PROBLEM DETAILS:
Please return only the lines from the one with "Ett härligt rum" through the final line of the data, unchanged, with pictures omitted.

DATA EXCERPT:
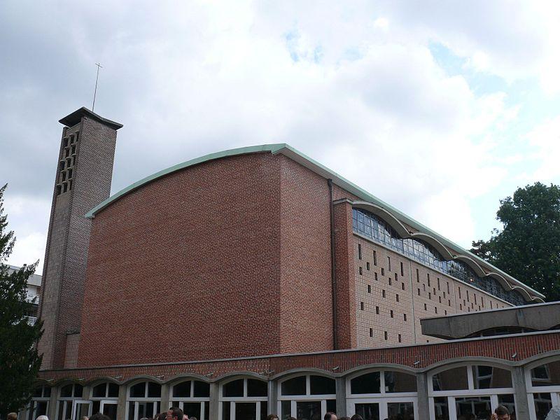 L'église de forme parallélépipédique rectangle est rehaussée par son clocher-campanile. À l'intérieur, deux séries de dix colonnes supportent un voile de béton à double courbure, et un choeur monumental vient terminer l'édifice, pur une parfaite visibilité des rites et cultes.
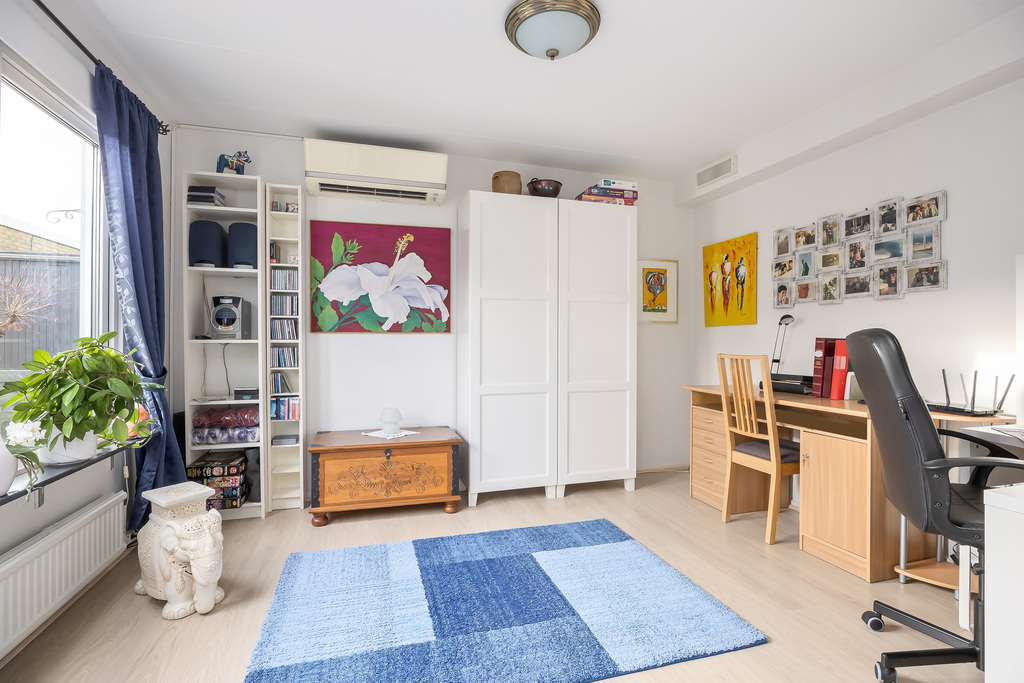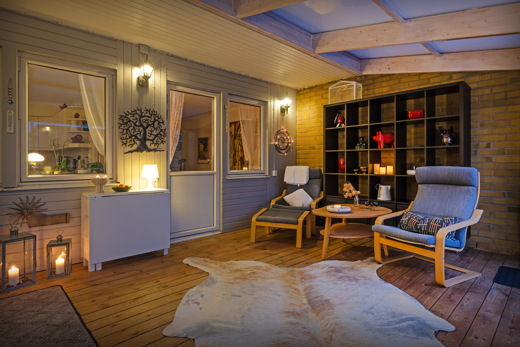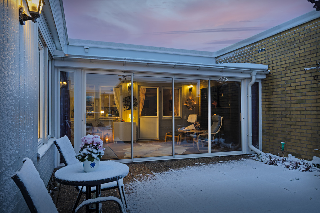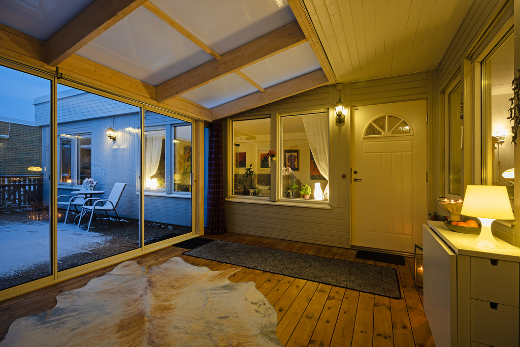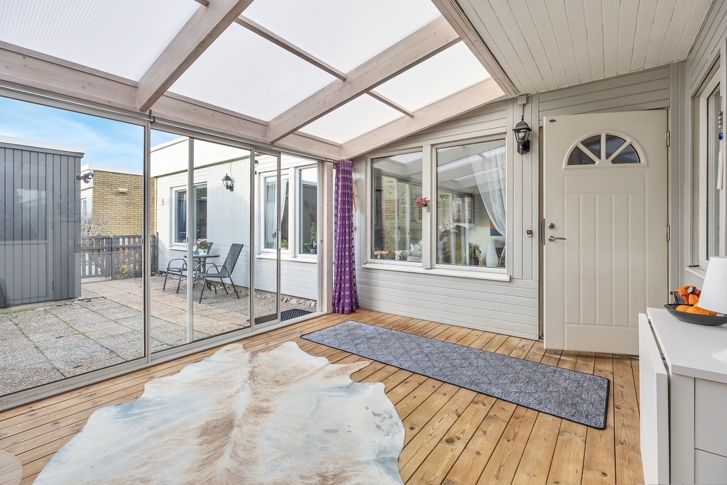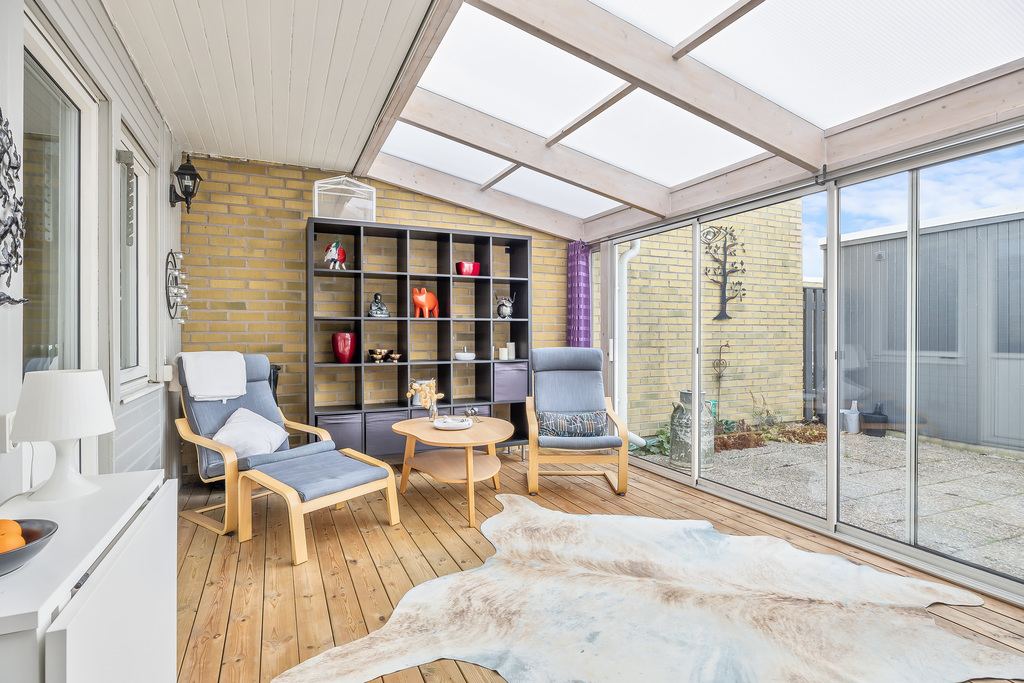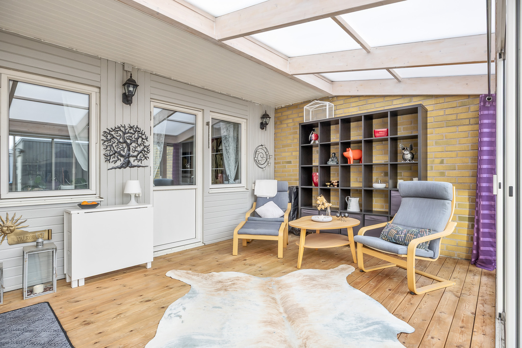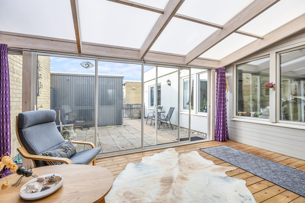 Ett härligt rum som fungerar som ett extra vardagsrum, Ljus kommer från taket och den glasade väggen mot uteplatsen. På sommaren kan man öppna upp den främre glasväggen.
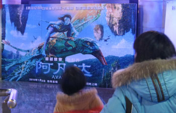 圖為觀眾路過北京一家影院貼出的《阿凡達(dá)》巨幅海報。新華社記者 張燕輝/攝 |

SOLUTION TO THE PROBLEM:
 Ett härligt rum som fungerar som ett extra vardagsrum, Ljus kommer från taket och den glasade väggen mot uteplatsen. På sommaren kan man öppna upp den främre glasväggen.
 圖為觀眾路過北京一家影院貼出的《阿凡達(dá)》巨幅海報。新華社記者 張燕輝/攝 |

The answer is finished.